First, I found some descriptive statistics for games played, just to give an idea of why the playoff appearances numbers are not to be trusted until adjusted for the shorter post-seasons in historical periods.

  mean(games$GA)
## [1] 25.60194
  sd(games$GA)
## [1] 15.45656

The standard deviation of 15 demonstrates a wide range of goals against in this unadjusted state.

Next, I performed a test to investigate potential correlations between losses and goals against, with the theory that more goals against would have a positive correlation with number of losses.

cor.test(games$GA,games$L)
## 
##  Pearson's product-moment correlation
## 
## data:  games$GA and games$L
## t = 46.348, df = 925, p-value < 2.2e-16
## alternative hypothesis: true correlation is not equal to 0
## 95 percent confidence interval:
##  0.8155840 0.8544577
## sample estimates:
##       cor 
## 0.8360672

The theory is proven right. There is a relatively strong correlation with a highly significant p-value (p<0.01).

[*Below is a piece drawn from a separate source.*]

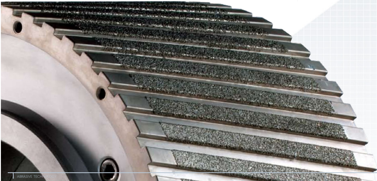
P.B.S. ® DRUM

But does this set of stats hold true for the modern NHL? I grew curious, and created a variation of the argument for the modern NHL (post-1967), followed by the correlation for the premodern era.

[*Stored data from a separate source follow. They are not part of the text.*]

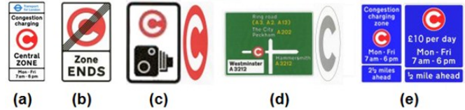
Figure 2. LCC signs [1]

the zone are located at all exit points (b). Within the zone, red "C" markings and signs reminding drivers that they have to pay the charge (c) are often placed close to entry points. Directional signs and/or road markings indicate which routes take drivers into the zone and which do not on approach to a junction, and some lanes leading to the zone are marked with a white "C" symbol (d). Finally, advance information is provided on the main approach roads at various distances from the zone, reminding the drivers of the hours of operation and of the amount they have to pay (e).
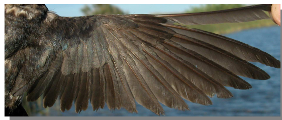
Barn Swallow. Autumn. Adult. Female: pattern of wing (24-VIII).
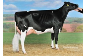
Tirsvad Beacon Galaxy VG-85

G-79 Gigabyte x VG-86 Rubi-Agronaut x GP-84 Cinema x VG-86 Shotglass x VG-85 Beacon x VG-88 Juwel x VG-86 O Man x VG-87 Aaron x EX-91 Esquimau x VG-89 Lucky Leo
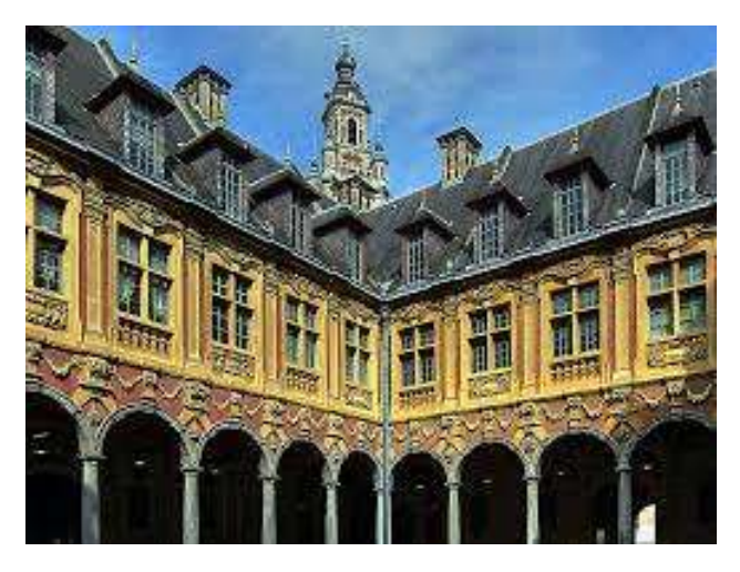
Cour intérieure de la vieille bourse
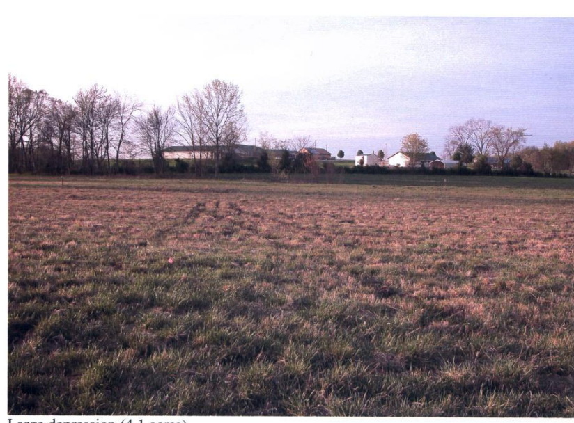
Large depression (4.1 acres).

cor.test(games$L[games$year>1966],games$GA[games$year>1966])
## 
##  Pearson's product-moment correlation
## 
## data:  games$L[games$year > 1966] and games$GA[games$year > 1966]
## t = 34.192, df = 679, p-value < 2.2e-16
## alternative hypothesis: true correlation is not equal to 0
## 95 percent confidence interval:
##  0.7660003 0.8214046
## sample estimates:
##       cor 
## 0.7953578
cor.test(games$L[games$year<1966],games$GA[games$year<1966])
## 
##  Pearson's product-moment correlation
## 
## data:  games$L[games$year < 1966] and games$GA[games$year < 1966]
## t = 24.456, df = 240, p-value < 2.2e-16
## alternative hypothesis: true correlation is not equal to 0
## 95 percent confidence interval:
##  0.8043517 0.8774046
## sample estimates:
##       cor 
## 0.8447693

The correlation does have a slight difference between the two eras. I then performed a t-test on the goals against data for the two periods, dividing the number of goals by the number of games to try and control for the longer post-season of the modern period.

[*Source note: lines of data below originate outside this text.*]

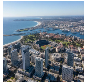
سان دييغو - الولايات المتحدة الأمريكية
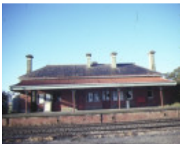
avoca railway station york avenue avoca front view aug1984
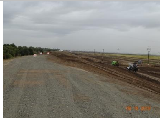
View of the construction area where the old pipes to the old pumping plant have been removed, Fall 2019.
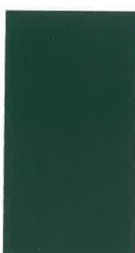
Ivy Green TSR = .28
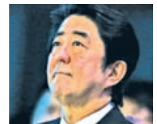
Japanese Prime Minister Shinzo Abe

Japan formally surrendered on 2 September, 1945 to the Allied powers
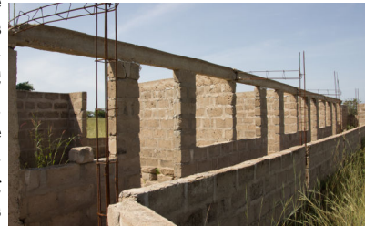
Our new home is taking shape

the site's periphery. We know that when our new home is completed, everyone will feel a surge of pride, realizing that all their hard work has finally paid off. For more details on how to contribute to this project, please visit our website.
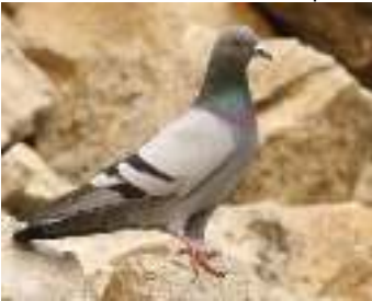
Rock Dove, Avagas Gorge, 28 th December
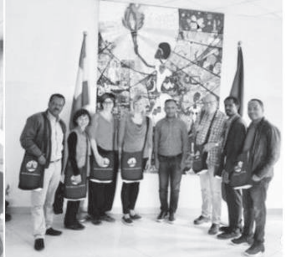
Left: project launching date, December 2016. Right: STEM educators with then BDU president
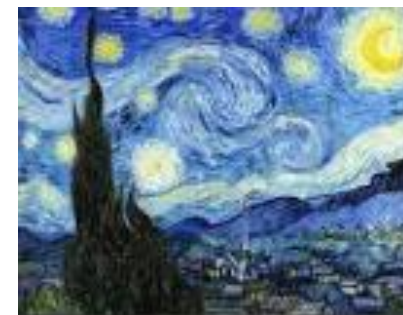
Vincent Van Gogh
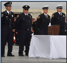
A piece of the World Trade Center

t.test((games$GA[games$year>1966]/games$G[games$year>1966]),(games$GA[games$year<1966]/games$G[games$year<1966]))
## 
##  Welch Two Sample t-test
## 
## data:  (games$GA[games$year > 1966]/games$G[games$year > 1966]) and (games$GA[games$year < 1966]/games$G[games$year < 1966])
## t = 11.587, df = 399.96, p-value < 2.2e-16
## alternative hypothesis: true difference in means is not equal to 0
## 95 percent confidence interval:
##  0.7207753 1.0153335
## sample estimates:
## mean of x mean of y 
##  3.285313  2.417259

There is a significant difference between the mean goals against that cannot be solely attributed to more games being played in the modern post-season. I think for a continuation of this project I would like to look at the data set’s player data and track changes in player scoring over time to see if there are trends based on eras and major rule changes.